Chris Lau - Seeking Alpha

Saturday, September 20, 2008

What Credit Crisis?

Business reports around the world are reporting last week's trading activity was net neutral. For example, the Toronto Stock Exchange was up 1% for the week. The Bush Administration is creating another bailout package that will cost US $700 Billion. This is a massive amount. Worse is that this is on top of the cost of saving AIG ($80B) and Fannie And Freddie Mac ($200B combined). The total deficit excluding these items will be $482 Billion.

It has taken me months to really comprehend why the credit market is seizing. Mortgages were given out to many homeowners who should not have qualified in the first place. Why? There were "workarounds" against the checks and balances associated with calculating the risk these homeowners would default. The repackaged debts, CDOs, and other instruments that were created still actually have value, but there is no market for them. What do you assign investments that have no buyers? Zero. Yet these debt obligations have property backing them, so its book value should not be zero.

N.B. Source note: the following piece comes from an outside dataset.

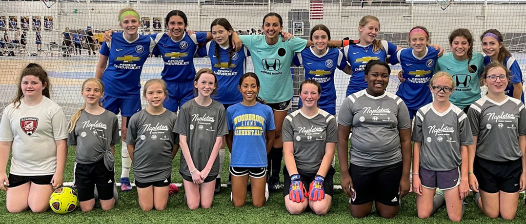 Participants in the Carmel Dads’ Club big sisters/little sisters soccer program with Carmel FC (Carmel’s Travel Program). Back, from left, Lyla Barnhart, Rylie Heath, Ava Donofrio, Lily Bose, Amit Gat, Molly Broach, Liz Putts, Olivia Ritchey, and Kate Huitsing. Front, from left, Gabriella Roesner, Natalie Guibault, Adeline King, Molly Keen, Ruby Crosby, Alexis Westphal, Zipporah Brown, Madeline Nies, and Carly Orr. (Photo courtesy of Abigail Donofrio) Read full Story from the Carmel Current

The government is effectively buying all of the above illiquid debt obligations and creating a market for them. This should solve the problem of the credit market seizing up. In fact, this was so severe that several money market funds had a redemption value of $0.99 for every $1.00 deposited. Investors were even buying US 30 day T-bills were paying almost 0% interest.

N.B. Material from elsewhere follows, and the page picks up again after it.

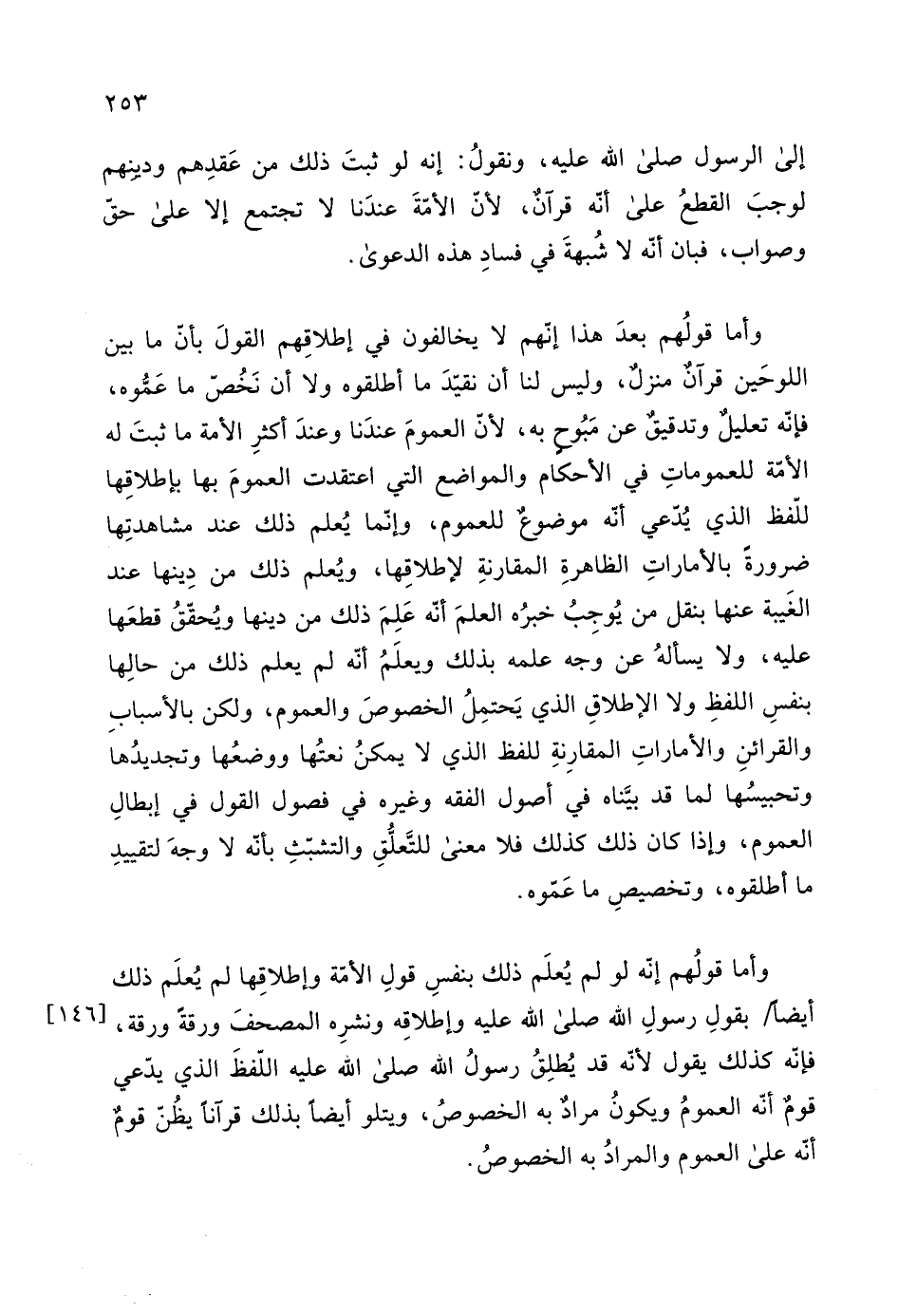 إلى الرسول - صلى الله عليه وسلم -، ونقولُ: إنه لو ثبتَ ذلك من عَقدِهم ودينهم لوجبَ القطعُ على أنه قرآنٌ، لأن الأمّةَ عندَنا لا تجتمع إلا على حقّ وصواب، فبان أنّه لا شُبهةَ في فسادِ هذه الدعوى.

The action taken by the Government was necessary. Now, as stock investors, we must review the consequences of this drastic bailout, and make a few assumptions.
Let's start with the logical assumptions:
  1. Credit markets open up again, making it easy for consumers to borrow again
  2. Consumers re-gain confidence and boost spending
  3. Companies boost revenue because consumers are happy again and buying their things
  4. Companies do not lay off employees because their sales are steady
  5. Companies import raw materials, developed products thus aiding in economic growth for China, India and Europe
  6. US Consumers take out mortgages and buy homes, and assume that housing prices will not fall the next month
  7. US Consumers take on more credit card debt, and don't mind paying the high credit borrowing rates
Assumption #2, Consumer Confidence, will be a key factor in ensuring the latest banking sector bailout succeeds.

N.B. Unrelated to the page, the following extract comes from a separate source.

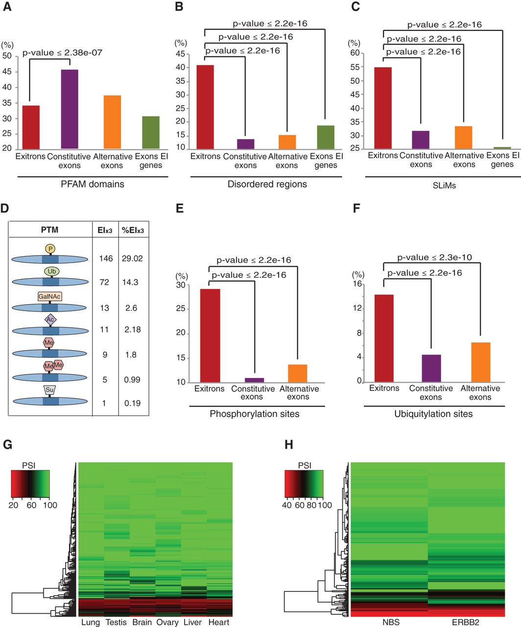 Functional implications of EIS in human. (A–C) Enrichment of PFAM domains (A), disordered regions (B), and SLiMs (C) in protein sequences encoded by EIs and other types of exons. (D) Statistics of various post-translational modification (PTM) sites encoded by EIs. (E,F) Enrichment of phosphorylation (E) and ubiquitylation (F) sites in the sequences encoded by EIs and other types of exons. (A–F) Analyses performed for EIx3 subset only. (G,H) Heatmap of EIS (measured by PSI) in different human tissues (G) and in ERBB2-positive breast cancer and normal breast tissue (NBS) samples (H).

Consequences to stabilizing the Financial Sector:

  1. The US will buy debt and increase Money supply, fueling inflation
  2. Higher consumption = Higher supply of products = Greater demand for oil, metals, and other commodities
  3. Interest rates will need to increase, creating higher borrowing costs
  4. The US dollar will weaken
  5. The US is spending $400B a year just to pay for the interest on the debt. This will severely limit the ability for the next President to fulfill spending promises.
It's clear that the cost of this massive government action will be severe inflation. Therefore investors need to do the following:

  • Buy gold (trades inversely to the price of the US Dollar)
  • Buy commodities, especially oil
  • Sell US Government Bonds (I can no longer recommend TLT)
  • Begin to take a position on the consumer discretionary sector and semiconductor sector
The VIX (Volatility Index) peaked on Thursday @ 42.16 and is headed down. Stock markets will probably trade in a range but may risk re-testing lows reached early last week.

...and On Toronto Real Estate?

The renewed bank sector stability in the US will have a positive impact on Ontario's economy. Home buyers will be less fearful that the weakness in housing in the U.S. will spread here. As always, I would recommend home buyers monitor the health of the commodities market and the job market. These two factors are good indicators for the health of home buyers.

I recommended TLT on September 4th. It is now a SELL.